The very mastery these men have of their business proceeds from their never really seeing the whole of anything, but only that part of it which they know how to do. Out of all nature they felt their function was to extract the grayness and shininess. Give them a golden sunset, a rosy dawn, a green waterfall, a scarlet autumn on the hills, and they merely look curiously into it to see if there is anything gray and glittering which can be painted on their common principles.

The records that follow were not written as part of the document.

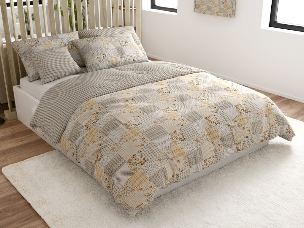 Povlečení z Renforcé bavlny PATCHWORK béžové
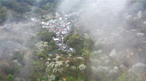 從空中俯瞰,漫山遍野、千樹萬樹的李花如雲似雪,沿著山勢伸向遠方,這些綿延山頭的李花就像是潔白的婚紗,把這個美麗的小山村打扮成一個新娘,楚楚動人、儀態萬方。近看,田間地頭、村頭寨尾、溪旁路邊、山上山下,無一不見李樹的身影,盛開的李花挨挨擠擠地簇擁著,組成了這香的世界、花的海洋,一如覆蓋了團團白雪,婀娜多姿,暗香浮動,與徽派相映成趣。不少市民和遊客慕名而來,感受著人在畫中游的愜意與美好。
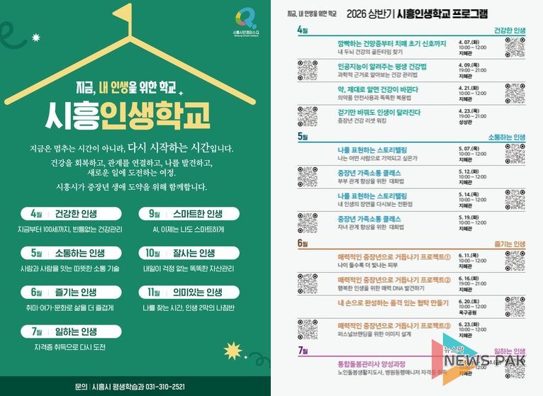 김상동 평생교육원장은 “시흥인생학교는 중장년의 삶 전반을 체계적으로 지원하는 통합형 인생 설계 플랫폼”이라며 “건강 회복에서 시작해 관계 확장, 새로운 도전과 성찰로 이어지는 여정을 통해 중장년 시민들이 스스로 삶의 방향을 설계할 수 있도록 적극 지원하겠다”라고 밝혔다.
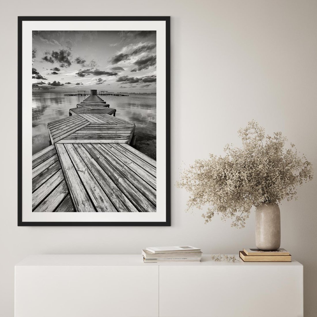 Przenieś się na spokojny pomost, który wznosi się nad falami morza na tym malowniczym obrazie. Jego harmonijne połączenie z naturą tworzy aurę spokoju i harmonii. Ta kompozycja dodaje relaksu i wyciszenia, idealna dla miłośników nadmorskich pejzaży i błogiego odpoczynku.
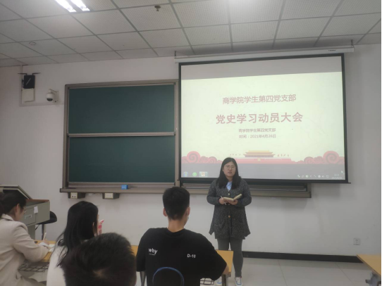 学生第一党支部:商学院学生第一党支部定期开展线下党史自学,党支部成员近两周学习内容为“习近平主席在党史学习教育动员大会上的讲话”,“学习标兵”上交了心得体会。
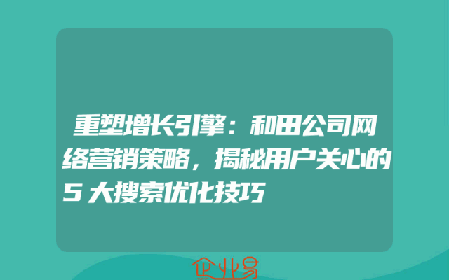 - 重塑增长引擎:和田公司网络营销策略,揭秘用户关心的5大搜索优化技巧
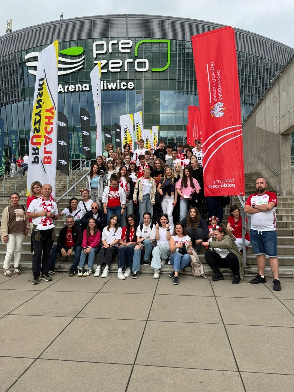 W piątkowe popołudnie uczniowie oraz nauczyciele ZSE Racibórz mieli okazję wspierać dopingiem naszą drużynę narodową podczas meczu Polska – Bułgaria w ramach turnieju Silesia Cup.W jednej z największych i najnowocześniejszych hal sportowych w Polsce – PreZero Arenie Gliwice przy aplauzie wielu tysięcy kibiców Biało-Czerwoni pokonali Bułgarię 3-2.Naszą szkołę na tym spotkaniu reprezentowało prawie sto osób, które swoim dopingiem również pomogło Polsce w odniesieniu sukcesu.
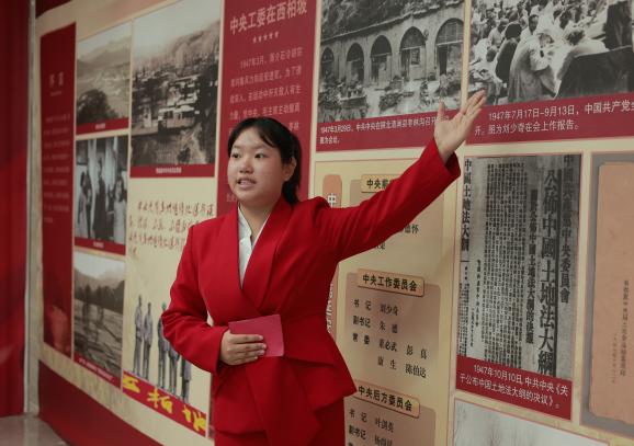 在“三大战役”展区,讲解员通过生动的讲述、详实的作战地图和珍贵的电报手稿,带领同学们走进那一段波澜壮阔的历史。大家直观感受到,在西柏坡这个小山村,党中央和毛主席指挥辽沈、淮海、平津三大战役,以高超的军事智慧和坚定的战略定力,实现了“运筹帷幄之中,决胜千里之外”的伟大壮举;在“七届二中全会”展区,“两个务必”的谆谆告诫——务必保持谦虚谨慎、不骄不躁的作风,务必保持艰苦奋斗的作风——让同学们深刻体会到中国共产党人面对执政考验时的清醒与自觉;在“全国土地会议”展区,《中国土地法大纲》这份纲领性文献,清晰展现了党领导土地改革、废除封建剥削制度的坚定决心,也印证了“一切为了群众、一切依靠群众”的根本立场,为解放战争的胜利奠定了坚实的群众基础。

§ 2. If this, however, were their only fault, it would not prove absolute insensibility, any more than it could be declared of the makers of Florentine tables, that they were blind or vulgar because they took out of nature only what could be represented in agate. A Dutch picture is, in fact, merely a Florentine table more finely touched: it has its regular ground of slate, and its mother-of-pearl and tinsel put in with equal precision; and perhaps the fairest view one can take of a Dutch painter is, that he is a respectable tradesman furnishing well-made articles in oil paint: but when we begin to examine the designs of these articles, we may see immediately that it is his inbred vulgarity, and not the chance of fortune, which has made him a tradesman, and kept him one;—which essential character of Dutch work, as distinguished from all other, may be best seen in that hybrid landscape, introduced by Wouvermans and Berghem. Of this landscape Wouvermans’ is the most characteristic. It will be remembered that I called it “hybrid,” because it strove to unite the attractiveness of every other school. We will examine the motives of one of the most elaborate Wouvermans existing—the landscape with a hunting party, No. 208 in the Pinacothek of Munich.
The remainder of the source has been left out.